NASA wants to test the new technology

The American space agency NASA wants to test a new technology that allows smaller payloads to go into space with much less energy consumption. The method was developed by the Californian company SpinLaunch. It is a catapult, a small rocket that holds the cargo in the hold. Accelerated to hypersonic speeds and accelerated into space. At the highest point it reaches, the rocket’s engine is ignited. It accelerates so that it reaches the target position. There the cargo is released.

More than 70 percent less fuel

When launching small satellites, this technology should save more than 70 percent of current fuel needs and thus drastically reduce emissions. That could give the small satellite sector a real boom. Several companies, including Google, Amazon and space company Space X from Tesla builder Elon Musk, want to station thousands in space to enable high-speed internet everywhere in the world.

Acceleration up to 8000 kilometers per hour

Located in the desert in the US state of New Mexico, the centrifugal pendulum works on the simple physical principle that its name implies. Inside the facility, which looks like a giant yo-yo with a small chimney, is a steel vacuum chamber 300 feet (91 meters) in diameter. In it, a load attached to a carbon fiber arm is flung upwards at a speed of 8,000 kilometers per hour. Then it is released and the charge shoots out of the supposed chimney into space. Depending on the size of the payload, SpinLaunch plans to attach rockets to the payloads that will deploy the thrust needed for orbital entry once it reaches the outer layers of the atmosphere.

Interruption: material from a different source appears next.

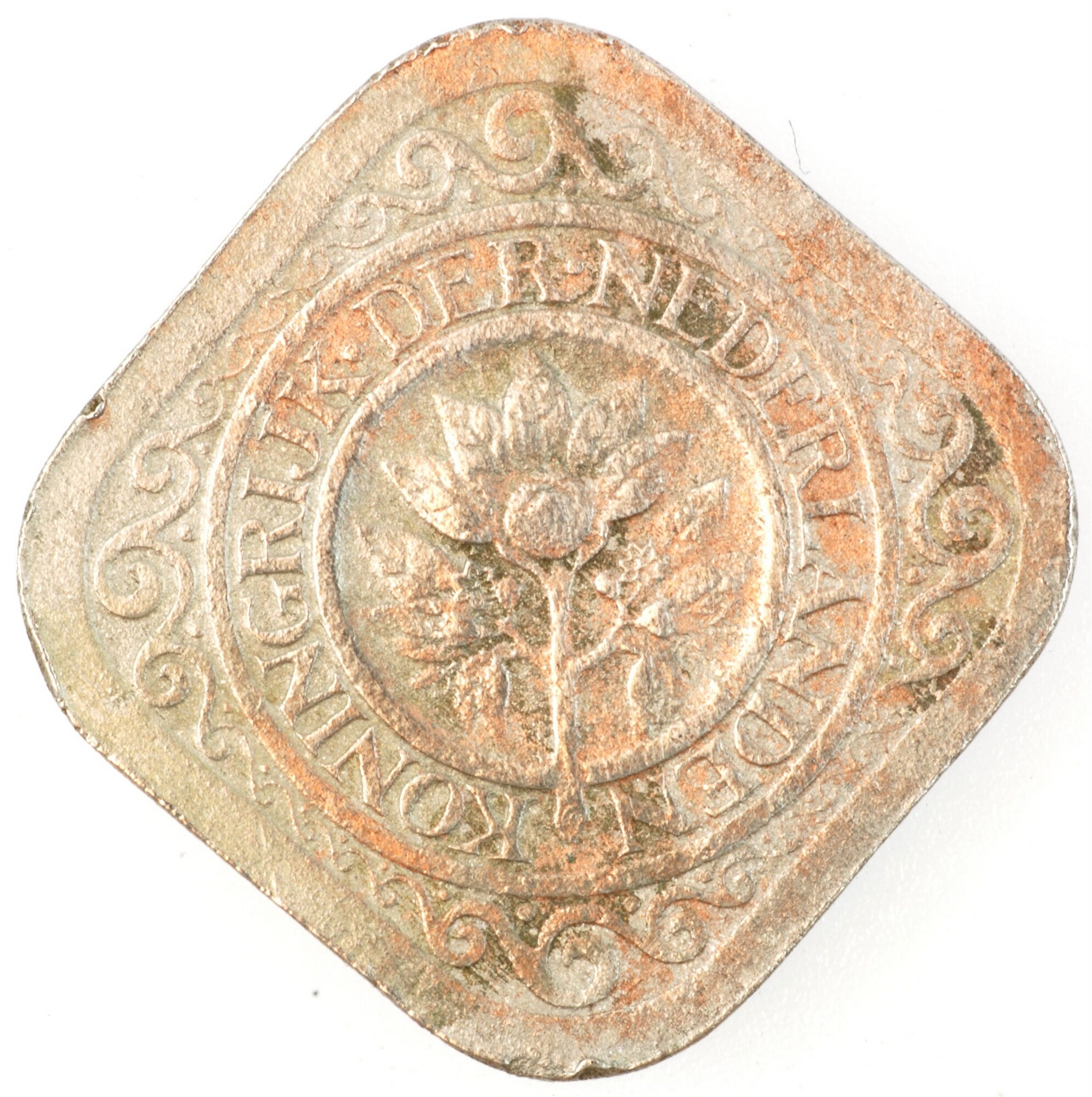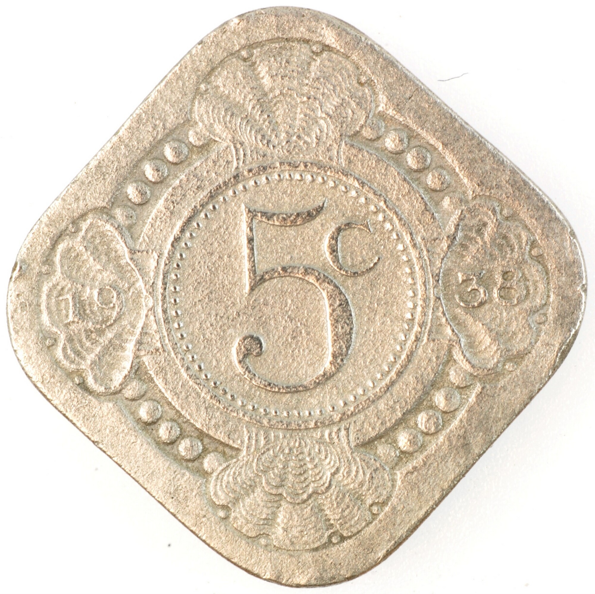 Stuiver; Nederland Koninkrijk (1813-heden); Wilhelmina (1890-1948); vz.: vruchtdragende tak van een oranje-appel binnen een dubbele cirkel, waartussen KONINGRIJK•DER•NEDERLANDEN; kz.:waarde-aanduiding 5c binnen een parelcirkel met 19 – 38 in twee schelpversieringen links en rechts; muntplaats: Utrecht; gewicht: 4.38 gram; referentie: Schulman 923

Three times bigger catapult planned

The giant catapult in New Mexico is just the beginning. SpinLaunch wants to build a facility that is three times the size of the current one closer to the coast. It is said to be capable of launching small satellites, which must be built particularly robustly so as not to be damaged by the extreme acceleration, into space. The contract with NASA paves the way for this.